Re: Strategic Direction of Nutch

Andrzej Białecki-2
(Sorry for the long post, but I felt this issue needs to be made very
clear ...)

Nutch Newbie wrote:

> Here is some general comments:
>
> The problem is in Hadoop i.e. map-reduce, i.e. processing. Hadoop-206
> is not solved..Have a look.
>
> http://www.mail-archive.com/hadoop-user%40lucene.apache.org/msg00521.html
>
> Well, again its a wishful thinking to ask for many developers, patch
> and bug reporting and bug fixes - without focusing on the need of such
> developers.  Same example again!  hadoop-206 was reported and it is
> still not solved. So how do you expect to get more developers? when

Before we get carried away, let me state clearly that reporting a
problem and providing a fix for a problem are two different things -
Hadoop-206 is a problem report, but without a fix. If there was a fix
for it, it would be most probably applied long time ago. The reason it's
not solved is that it's not a high priority issue for active developers,
and there is no easy fix to be applied.

If this issue is a high priority for you, then fix it and provide a
patch so that others may benefit from it - that's how Open Source
projects work. Pointing fingers and saying "you should have done this or
that long time ago" won't fix the stuff by itself. Are you a developer?
Then fix it. If not, then you should now understand why we kindly _ask_
for more developers to get involved. Reporting problems is very useful
and crucial, but so is having the skilled manpower to fix them.

>
> See when the focus of the development is to solve 1000 machine/ large
> install,  then the issues like 206 is never solved. Thus asking for
> more developer to provide bug fixes is a wishful thinking.

No, we ask because we really need developers who could help us, who take
initiative to fix something if it's broken in their particular use case.

The focus is on large clusters because that's what majority of active
developers use. If there were more active developers with focus on small
clusters (or single machine deployments) - hint, hint - the focus would
move in this direction. There is no conspiracy here, nor do we willfully
ignore the needs of people with small deployments - it's just a matter
of what is the priority among active developers.

Complaining about this won't help as much as providing actual patches to
solve issues. Until then, a faster single-machine deployment is a "nice
to have" thing, but not the top priority.

>
> Sorry if I knew how to solve map/reduce problem i would fix it and
> submit patch and I am sure I am not the only one here. Map/reduce
> stuff is not really walk in the park :-).
>
> The current direction of nutch development is geared towards large
> install and its a great software.  However lets not pretend/preach
> Nutch is good for small install, Nutch left that life when it embraced
> Map/Reduce i.e. starting from 0.8.

You need to take into account that this is the first official release of
Nutch after a major brain surgery, so it's no wonder things are a little
bit twitchy ;) There are in fact very few, if any, places in Nutch that
still use the same data models and algorithms as they did in 0.7 era.

Having said that, I just did a crawl of 1 mln pages within ~30 hours, on
a single machine, which should give me a 100 mln collection within 2
months. This speed is acceptable for me, even if it's slower than 0.7,
and if one day I want to go beyond 100 mln pages I know that I will be
able to do it - which _cannot_ be said about 0.7 ... So, you can look at
it as a tradeoff.

(BTW: the issue with slow reduce phase is well known, and people from
the Hadoop project are working on it even as we speak).

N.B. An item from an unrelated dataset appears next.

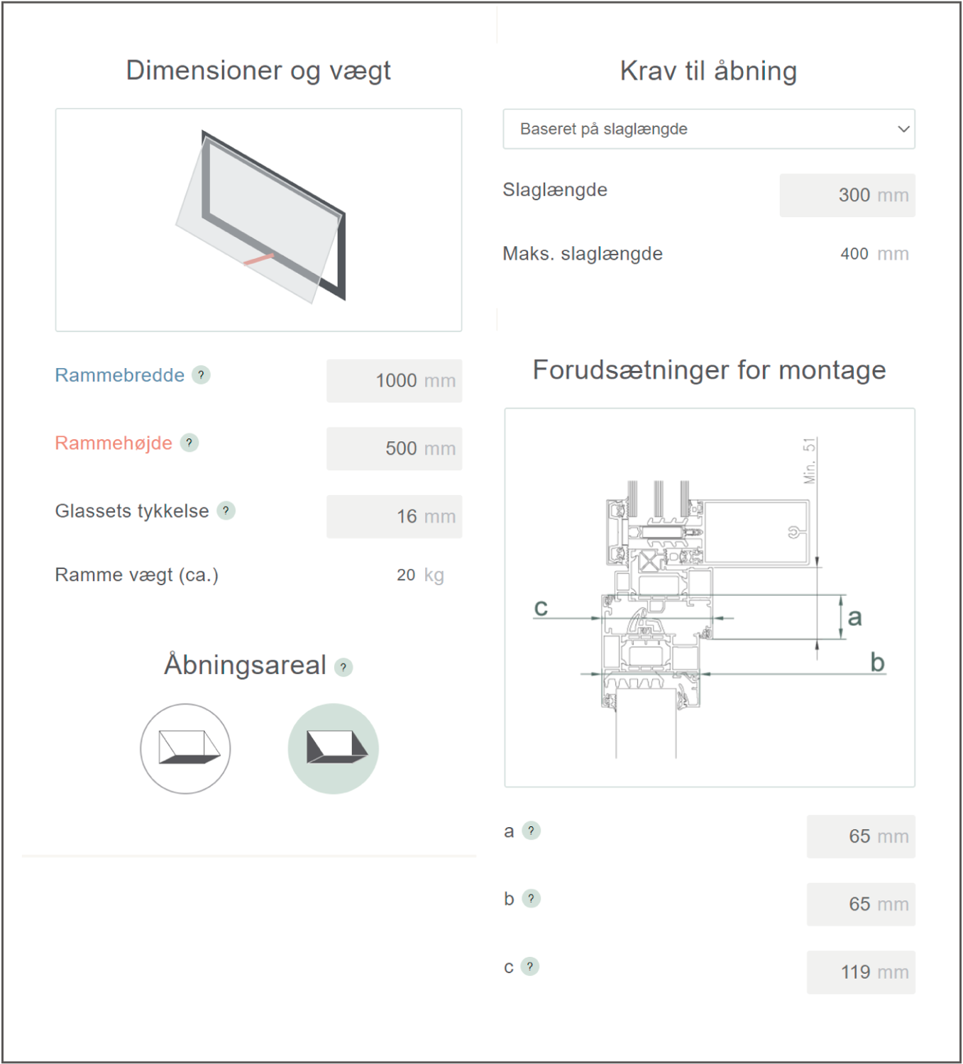 Actuator Finder kan bruges til at finde det præcise geometriske åbningsareal for et automatisk styret vindue baseret på vinduets og rammens dimensioner. En af de mest almindelige faldgruber, når man beregner åbningsarealet for et automatisk styret vindue, er, at man ikke tager korrekt højde for forhindringer i rammen. I Actuator Finder kan du angive detaljerede oplysninger om vinduesprofilerne og meget nøjagtigt beregne åbningsarealet for hver vindueskonfiguration.

Oh, and regarding the subject of this thread - the strategic direction
of Nutch is to provide a viable platform for medium to large scale
search engines, be they Internet-wide or Intranet / constrained to a
specific area. This was the original goal of the project, and it still
reflects our ambitions. HOWEVER, if a significant part of active
community is focused on small / embedded deployments, then you need to
make your voice heard _and_ start contributing to the project so that it
becomes a viable solution also to your needs.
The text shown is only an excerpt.